ON VIEW AT TATE

Tate Britain Rehang – Opened to the public on May 24, 2023
Tate Britain has completed a rehang of the world’s greatest collection of British art; the first time in ten years that the gallery’s free displays have been presented anew. Visitors can now discover over 800 works by over 350 artists spanning six centuries. Much-loved and iconic works – from John Everett Millais’ Ophelia and David Hockney’s A Bigger Splash to Barbara Hepworth’s Pelagos and Chris Ofili’s No Woman, No Cry – are joined by a host of new discoveries and additions. Reflecting the growing diversity of Tate’s collection, the displays feature 200 works which were acquired after the millennium. These include 70 works which entered the collection in the past 5 years alone, from grand Tudor portraits to contemporary installations.

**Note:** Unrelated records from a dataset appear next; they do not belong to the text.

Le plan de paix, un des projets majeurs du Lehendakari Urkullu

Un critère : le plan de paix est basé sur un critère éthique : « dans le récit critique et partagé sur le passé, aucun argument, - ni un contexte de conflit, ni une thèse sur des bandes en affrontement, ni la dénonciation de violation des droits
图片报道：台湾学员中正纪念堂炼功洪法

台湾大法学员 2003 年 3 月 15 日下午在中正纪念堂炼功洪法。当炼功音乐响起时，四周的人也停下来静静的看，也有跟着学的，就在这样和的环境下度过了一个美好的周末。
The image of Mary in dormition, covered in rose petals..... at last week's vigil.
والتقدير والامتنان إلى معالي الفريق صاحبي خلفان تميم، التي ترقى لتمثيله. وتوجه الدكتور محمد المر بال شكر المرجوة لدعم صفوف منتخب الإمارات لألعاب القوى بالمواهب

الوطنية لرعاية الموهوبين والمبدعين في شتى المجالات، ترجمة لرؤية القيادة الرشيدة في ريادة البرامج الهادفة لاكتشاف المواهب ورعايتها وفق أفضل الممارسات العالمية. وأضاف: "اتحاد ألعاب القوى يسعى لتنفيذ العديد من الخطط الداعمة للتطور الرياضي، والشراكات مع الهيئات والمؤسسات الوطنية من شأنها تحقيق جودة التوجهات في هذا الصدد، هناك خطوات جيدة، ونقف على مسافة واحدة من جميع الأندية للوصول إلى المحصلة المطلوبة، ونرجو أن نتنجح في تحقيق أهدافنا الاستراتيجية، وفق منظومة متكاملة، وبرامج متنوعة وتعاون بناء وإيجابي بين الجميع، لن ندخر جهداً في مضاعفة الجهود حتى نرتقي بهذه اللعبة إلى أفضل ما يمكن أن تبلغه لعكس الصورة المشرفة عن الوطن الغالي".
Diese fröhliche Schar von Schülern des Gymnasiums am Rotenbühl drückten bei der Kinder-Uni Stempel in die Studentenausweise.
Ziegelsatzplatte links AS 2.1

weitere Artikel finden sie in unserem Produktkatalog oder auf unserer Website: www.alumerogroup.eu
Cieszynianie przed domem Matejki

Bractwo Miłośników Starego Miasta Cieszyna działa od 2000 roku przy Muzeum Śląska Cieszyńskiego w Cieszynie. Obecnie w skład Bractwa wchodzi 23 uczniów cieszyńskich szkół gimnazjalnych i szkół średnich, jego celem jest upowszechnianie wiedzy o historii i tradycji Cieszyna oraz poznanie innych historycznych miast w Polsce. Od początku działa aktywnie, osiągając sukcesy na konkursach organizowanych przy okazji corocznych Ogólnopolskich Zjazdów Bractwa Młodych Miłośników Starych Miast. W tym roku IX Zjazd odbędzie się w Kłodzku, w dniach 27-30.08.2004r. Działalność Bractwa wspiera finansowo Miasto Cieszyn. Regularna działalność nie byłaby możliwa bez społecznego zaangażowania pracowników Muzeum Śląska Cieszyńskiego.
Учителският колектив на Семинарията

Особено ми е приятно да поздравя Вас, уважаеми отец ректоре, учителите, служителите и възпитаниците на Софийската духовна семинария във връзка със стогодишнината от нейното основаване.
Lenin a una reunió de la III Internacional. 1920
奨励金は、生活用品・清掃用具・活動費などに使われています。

Isaac Julien at Tate Britain until August 20, 2023
This ambitious solo exhibition reveals the scope of Isaac Julien’s pioneering work in film and installation from the early 1980s through to the present day. The exhibition highlights Julien’s critical thinking and the way his work breaks down barriers between different artistic disciplines, drawing from film, dance, photography, music, theatre, painting and sculpture by utilizing the themes of desire, history and culture.

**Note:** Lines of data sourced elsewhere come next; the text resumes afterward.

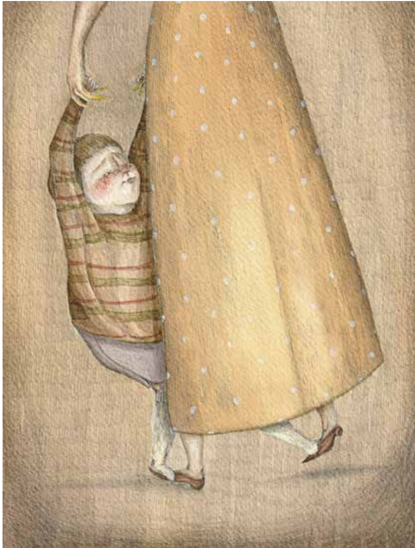
2020, tecnica mista ecoline, matite e grafite su carta, 21x30 cm

Di te mi mancano quei balli lungo tutta la notte, io in equilibrio sui tuoi piedi ad acchiappare le stelle, le scartavo come caramelle. In tasca, stamattina, solo cartacce ma in bocca sento ancora il dolce.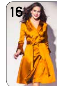
16 JURK DEBORAH 22: STRETCH-SATUN (HARRIE BOSCH).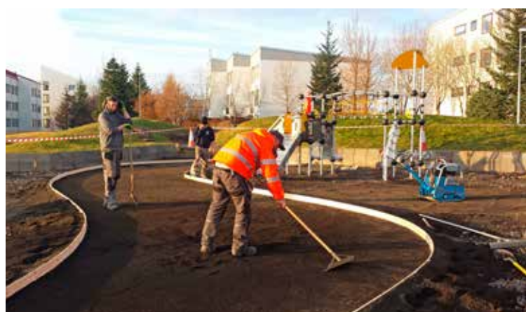
Leikvöllur lagður í lok september.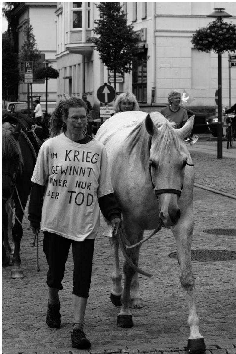
Friedensritt 2009 in der Colbitz-Letzlinger Heide „Im Krieg gewinnt immer nur der Tod“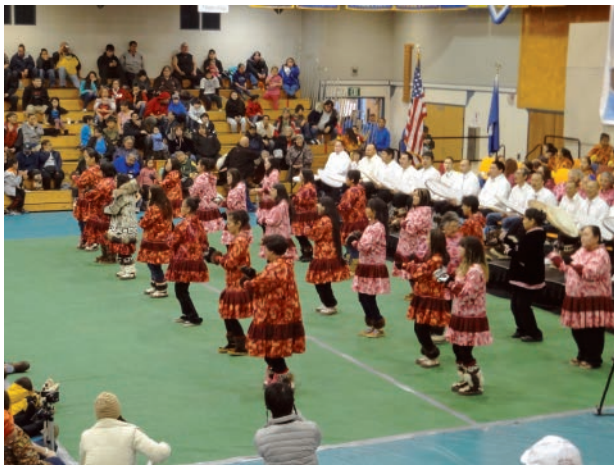
アラスカ先住民イヌピアットのドラムダンス（2013年2月、パロー村）。

と京都大学で教授を務めた宮岡伯人は環北太平洋の各地の先住民社会に多くの若手研究者を派遣し、言語調査をさせた。また、民博の大塚和義は、2001年に佐々木史郎（当時民博、現国立アイヌ民族博物館）と筆者とともに北太平洋先住民の交易とそれに関連する先住民儀礼・工芸の隆盛に関する特別展「ラッコとガラス玉」を民博にて開催した。

Hilma af Klint and Piet Mondrian at Tate Modern until September 3, 2023
This is a unique opportunity to discover the visionary work of Swedish painter Hilma af Klint and experience Dutch painter Piet Mondrian’s influential art in a new light. At the heart of both of their artistic journeys was a shared desire to understand the forces behind life on earth.

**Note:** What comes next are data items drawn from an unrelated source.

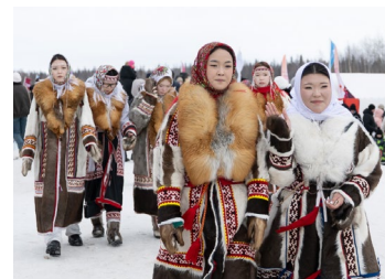
БОЛЬШЕ ЧЕМ СОСЕДИ На Дне оленоведа в Новом Уренгое стр. 8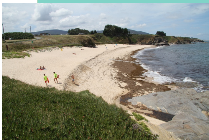
Praia de Area da Fame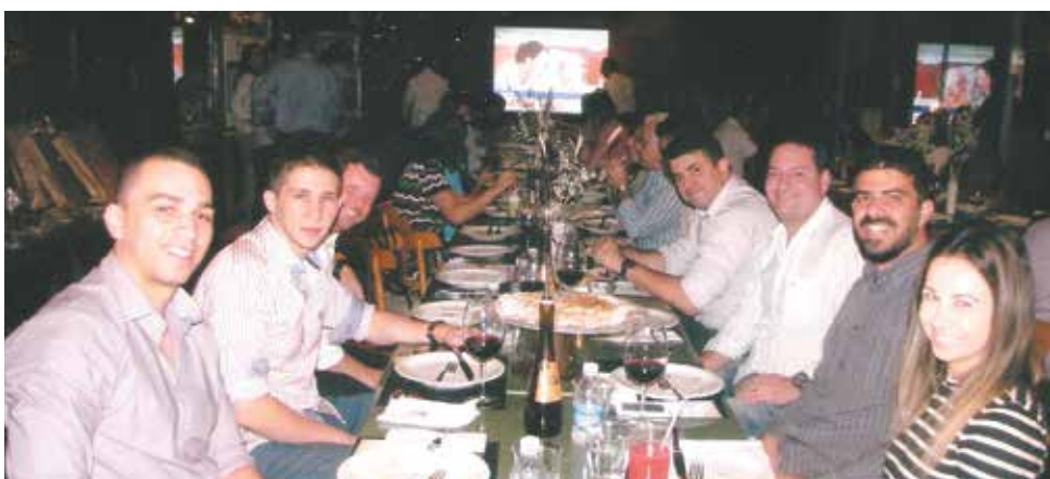
Amigos da Rede Supermarket, nesta noite festiva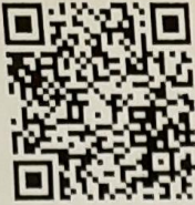
ГРАФИК ПЛАТЕЖЕЙ* к договору (контракту) от 02.06.2022 г. № 109

между New Sirdarya МЧЖ и Сирдарё туман Ободонлаштириш бошкармаси на общую сумму 33 451 165,00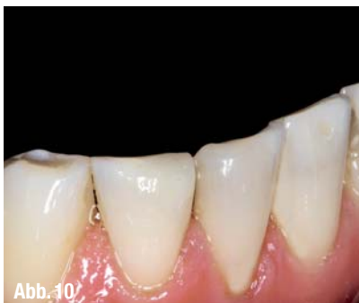
▲ Abb. 10: Das Ergebnis.

Begeistert von dem einfachen Konzept fuhr ich zurück in die Praxis und versorgte gleich am nächsten Morgen den ersten Patienten mit einer direkten Restauration nach Style Italiano. Der 54-jährige Patient stellte sich mit einer me-

Best known for his abstract work, Mondrian in fact began his career – like af Klint – as a landscape painter. Alongside Mondrian’s abstract compositions, you will see the rarely exhibited paintings of flowers he continued to create throughout his life. Also on display will be enigmatic works by af Klint in which natural forms become a pathway to abstraction. Both artists shared an interest in new ideas of scientific discovery, spirituality and philosophy. Af Klint was also a medium, and this exhibition showcases the large-scale, otherworldly paintings she believed were commissioned by higher powers.

Tate Liverpool and Liverpool Biennial – June 10, 2023 to September 17, 2023
The Liverpool Biennial is the UK’s largest contemporary visual arts festival which takes place across Liverpool’s public spaces, galleries and museums, including Tate Liverpool. The 12th edition of the Biennial is titled uMoya: The Sacred Return of Lost Things and addresses the history and temperament of the city of Liverpool and is a call for ancestral and indigenous forms of knowledge, wisdom and healing. In the isiZulu language, uMoya means spirit, breath, air, climate and wind.

The artists on display at Tate Liverpool explore the space between life and death and how to work through ancestral pain towards healing. Highlights include Isabel do Rosário’s largescale textile pieces, exhibited for the first time outside of Brazil, the first showing of Edgar Calel’s Ru k’ ox k’ob’el jun ojer etemab’el (The Echo of an Ancient Form of Knowledge) 2021 and Torkwase Dyson’s monumental Liquid A Place 2021 which directly converses with the brutal histories of the water and docks which surround the gallery. The display also includes work by Fátima Rodrigo Gonzales, Francis Offman, Gala Porras-Kim, Guadalupe Maravilla, Lubaina Himid, Nolan Oswald Dennis, Pamela Phatsimo Sunstrum, and Shannon Alonzo.